Alexa

National Day celebrations still on track

National Day celebrations still on track

There is no truth to a newspaper report that President Chen Shui-bian (陳水扁) had asked his aides to convey a request to Legislative Speaker Wang Jin-pyng (王金平) last week to cancel the upcoming Double Tenth National Day celebrations in consideration of a scheduled protest by his opponents, the Presidential Office said yesterday.
Presidential Office spokesman David Lee said that a meeting between the president's top aide and Wang last week was aimed at deciding whether National Day celebrations would take place as scheduled, and that the aide had not received any instructions from Chen on the matter before the meeting, as the China Times reported.
"The main purpose of Chen's meeting with Wang last week was to figure out whether National Day cerebrations would take place as scheduled," Lee told reporters.
Presidential Secretary General Mark Chen (陳唐山) merely asked Wang, who heads the National Day celebrations committee, to carefully consider the nation's image and make sure it would not be tarnished, Lee said.
Awkward position?
According to the China Times report, Wang was placed in an awkward position because of Chen's request to call off the celebrations in view of plans by former Democratic Progressive Party Chairman Shih Ming-teh (施明德) to lead thousands of protesters to surround the Presidential Office on October 10.

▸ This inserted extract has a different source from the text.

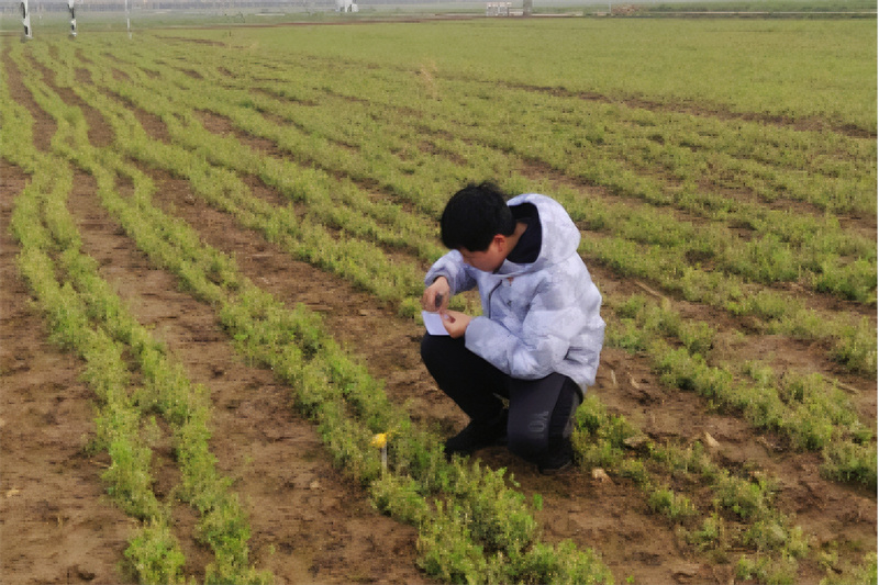 2022级硕士研究生匡宗洋对春耕苜蓿地进行低温损害评估

The report claimed that Chen was deeply worried that the demonstration would get of hand and violence would break out.
But Lee reiterated that President Chen did not propose via his aide or DPP chairman Yu shui-kun that the celebrations should be canceled.

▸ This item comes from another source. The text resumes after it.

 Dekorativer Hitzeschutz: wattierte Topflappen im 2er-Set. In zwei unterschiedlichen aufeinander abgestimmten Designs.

"The Presidential Office will respect Wang and his committee's opinions on the matter," Lee said.
The news report claimed that Wang was in a dilemma not only because of President Chen's proposition, but also because of a similar view expressed by former Kuomintang Chairman Lien Chan (連?) during a meeting between Lien and Wang last Wednesday.
Last Thursday Wang said that he had visited Lien the day before to seek his opinion on the issue.

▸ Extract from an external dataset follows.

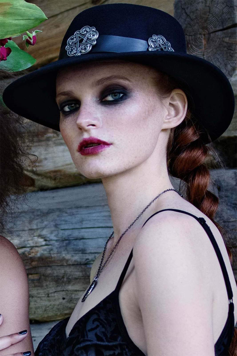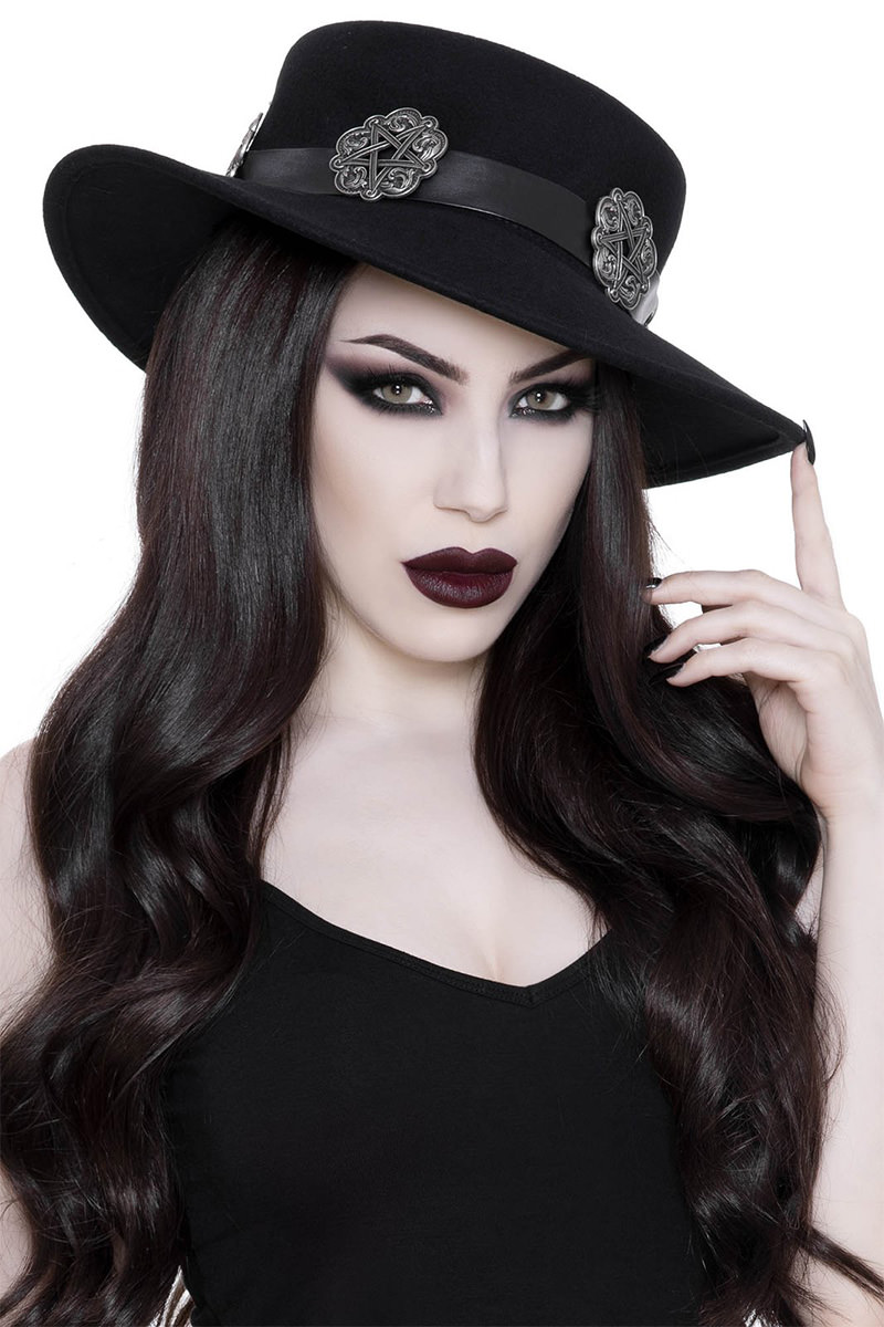 High-quality felt hat with a wide brim and a hatband made of black faux leather decorated with gray pentagrams and floral ornaments. Protects you from the sun and prying eyes.

"Lien and I agreed that we should happily celebrate National Day and that those who want to express their personal opposition to the president can speak up in public after the celebrations," Wang said Thursday.
The legislative speaker also met with officials from national security, the police and intelligence that same day to get their assessment of the situation.
Wang said that the officials advised him to call off the celebrations, but the preparatory committee decided to proceed as in previous years after Shih's campaign assured him that protesters would not interrupt the ceremony, even though they have vowed to surround the Presidential Office so that Chen could "go nowhere" on National Day.
Yesterday, Wang dismissed the China Times report, saying that "there is no dilemma. I am doing what I must do."
He said his basic stance on the matter is that the celebrations should only be called off as a last resort.
He did, however, give a reminder that it is his committee and the police department's duty to ensure that the National Day celebrations are a success.
"Everyone is responsible for making the ceremony successful and safe," Wang said.